BEGIN
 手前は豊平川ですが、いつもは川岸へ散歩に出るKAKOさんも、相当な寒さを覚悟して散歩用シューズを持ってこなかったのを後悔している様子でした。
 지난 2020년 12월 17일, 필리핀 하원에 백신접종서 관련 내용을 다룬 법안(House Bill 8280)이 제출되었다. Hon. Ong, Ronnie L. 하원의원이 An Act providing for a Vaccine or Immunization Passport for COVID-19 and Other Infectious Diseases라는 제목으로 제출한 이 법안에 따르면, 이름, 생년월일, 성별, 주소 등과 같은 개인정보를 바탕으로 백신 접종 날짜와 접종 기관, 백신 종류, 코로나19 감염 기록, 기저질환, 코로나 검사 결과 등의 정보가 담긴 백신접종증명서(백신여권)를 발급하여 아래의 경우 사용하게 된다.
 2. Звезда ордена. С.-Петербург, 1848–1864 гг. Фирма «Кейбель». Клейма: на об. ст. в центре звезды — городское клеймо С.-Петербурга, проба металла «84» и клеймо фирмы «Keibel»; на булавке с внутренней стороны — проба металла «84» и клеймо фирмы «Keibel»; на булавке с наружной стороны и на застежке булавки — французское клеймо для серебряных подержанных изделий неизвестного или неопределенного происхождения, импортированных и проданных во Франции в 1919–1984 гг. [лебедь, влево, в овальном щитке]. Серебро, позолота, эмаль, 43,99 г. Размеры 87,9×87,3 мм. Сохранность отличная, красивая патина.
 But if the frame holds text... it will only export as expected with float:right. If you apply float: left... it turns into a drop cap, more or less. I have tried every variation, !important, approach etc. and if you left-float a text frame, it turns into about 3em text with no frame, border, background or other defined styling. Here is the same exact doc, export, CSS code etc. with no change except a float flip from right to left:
END
▶ Required action
Exactly those lines that run from the start of the listing to the line containing "지난 2020년 12월" should be output, and no others.

▶ Solution to this exercise
 手前は豊平川ですが、いつもは川岸へ散歩に出るKAKOさんも、相当な寒さを覚悟して散歩用シューズを持ってこなかったのを後悔している様子でした。
 지난 2020년 12월 17일, 필리핀 하원에 백신접종서 관련 내용을 다룬 법안(House Bill 8280)이 제출되었다. Hon. Ong, Ronnie L. 하원의원이 An Act providing for a Vaccine or Immunization Passport for COVID-19 and Other Infectious Diseases라는 제목으로 제출한 이 법안에 따르면, 이름, 생년월일, 성별, 주소 등과 같은 개인정보를 바탕으로 백신 접종 날짜와 접종 기관, 백신 종류, 코로나19 감염 기록, 기저질환, 코로나 검사 결과 등의 정보가 담긴 백신접종증명서(백신여권)를 발급하여 아래의 경우 사용하게 된다.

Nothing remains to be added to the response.